## TASK BRIEF
Beginning with the line that holds "5. Работа со" and ending with the last line below, please copy every line exactly, add nothing, and leave out the pictures.

## TASK DATA
⁂

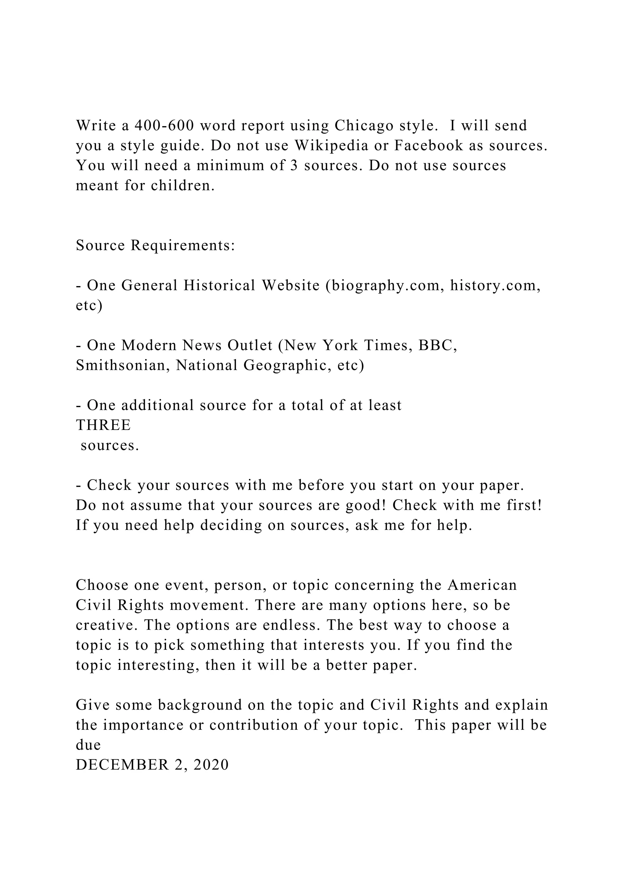 The document outlines the requirements for a report on a topic related to the American Civil Rights Movement, specifically emphasizing the need for a minimum of three credible sources, including a historical website and a modern news outlet. It mandates the use of the Chicago style for writing and prohibits the use of unsatisfactory sources, requiring prior approval. The report is due on December 2, 2020, and must be double-spaced in 12-point Times New Roman font.
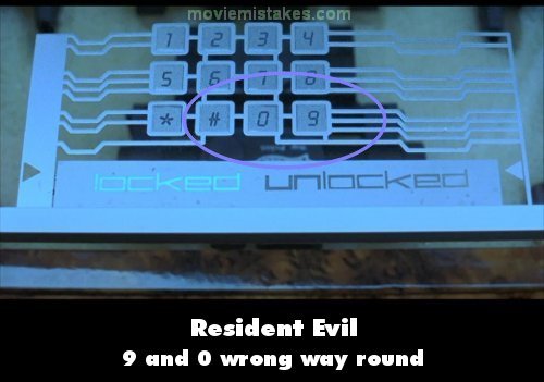 Other mistake: When we see the numbers for the coded entry to Alice's weapon, the order of the numbers is 1 - 2 - 3 - 4 - 5 - 6 - 7 - 8 - 0 - 9. The 9 and 0 are the wrong way round. (00:47:40)
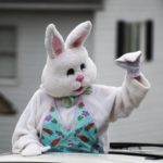 Volunteers wearing masks quickly pulled baskets out of vehicles and delivered them to front doors of about 100 children. Ten area businesses sponsored the event and Councilwoman Kathy Hopkins donned the bunny suit.
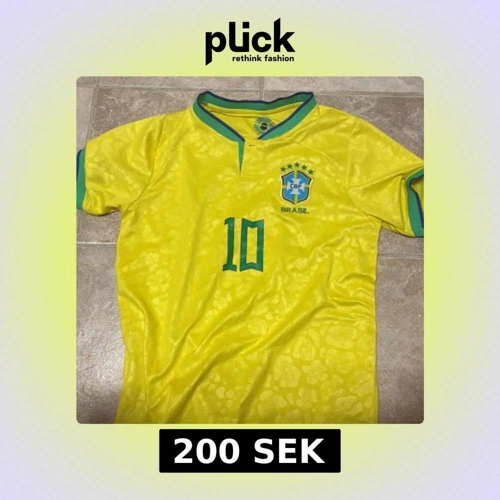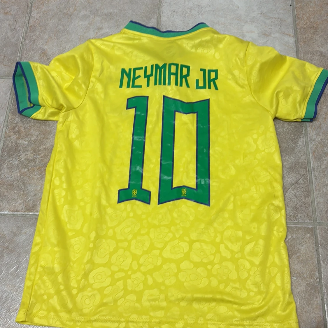 Gul Brasilien fotbollströja från Nike med gröna detaljer, Neymar Jr och nummer 10 på ryggen. Tröjan har korta ärmar, CBF-emblem på bröstet och subtilt mönster i tyget. Perfekt för dig som älskar fotboll och vill sticka ut på läktaren eller planen.
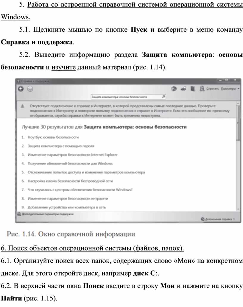 5. Работа со встроенной справочной системой операционной системы
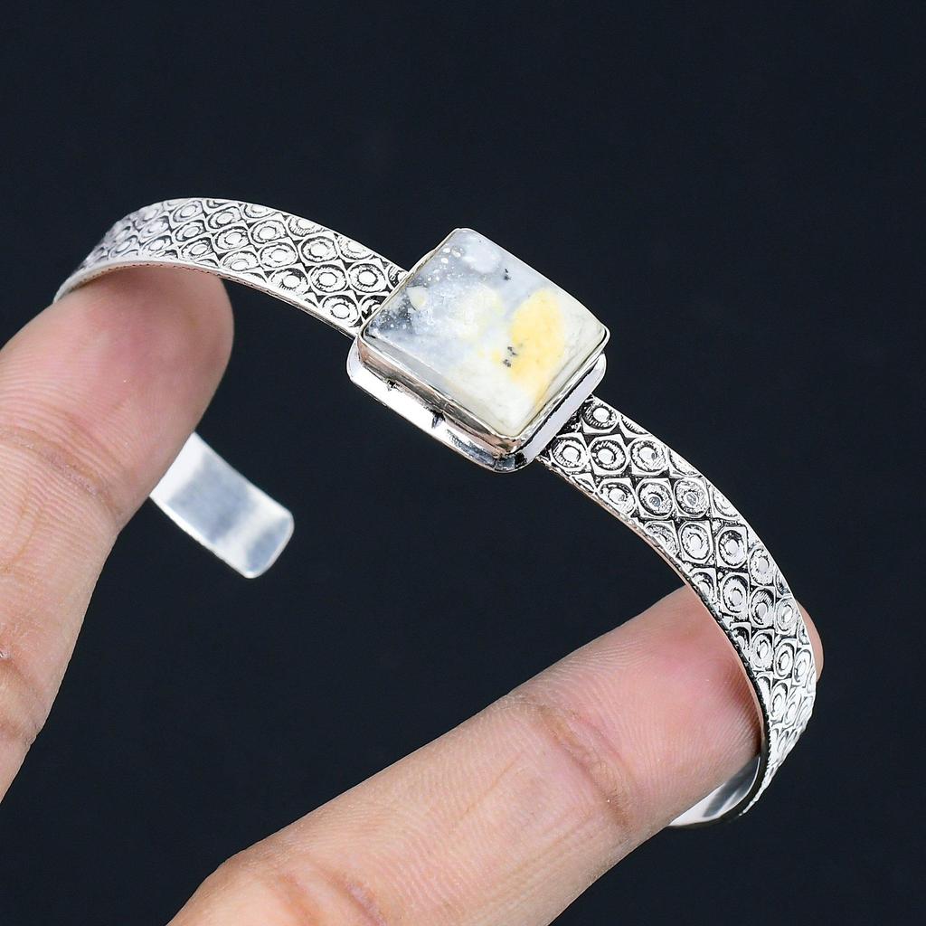 Хэллоуинская распродажа Натуральный Малигано Джаспер Арт Деко Браслет Ювелирные изделия Стерлинговое серебро

⁂

## EXERCISE RESPONSE
 5. Работа со встроенной справочной системой операционной системы
 Хэллоуинская распродажа Натуральный Малигано Джаспер Арт Деко Браслет Ювелирные изделия Стерлинговое серебро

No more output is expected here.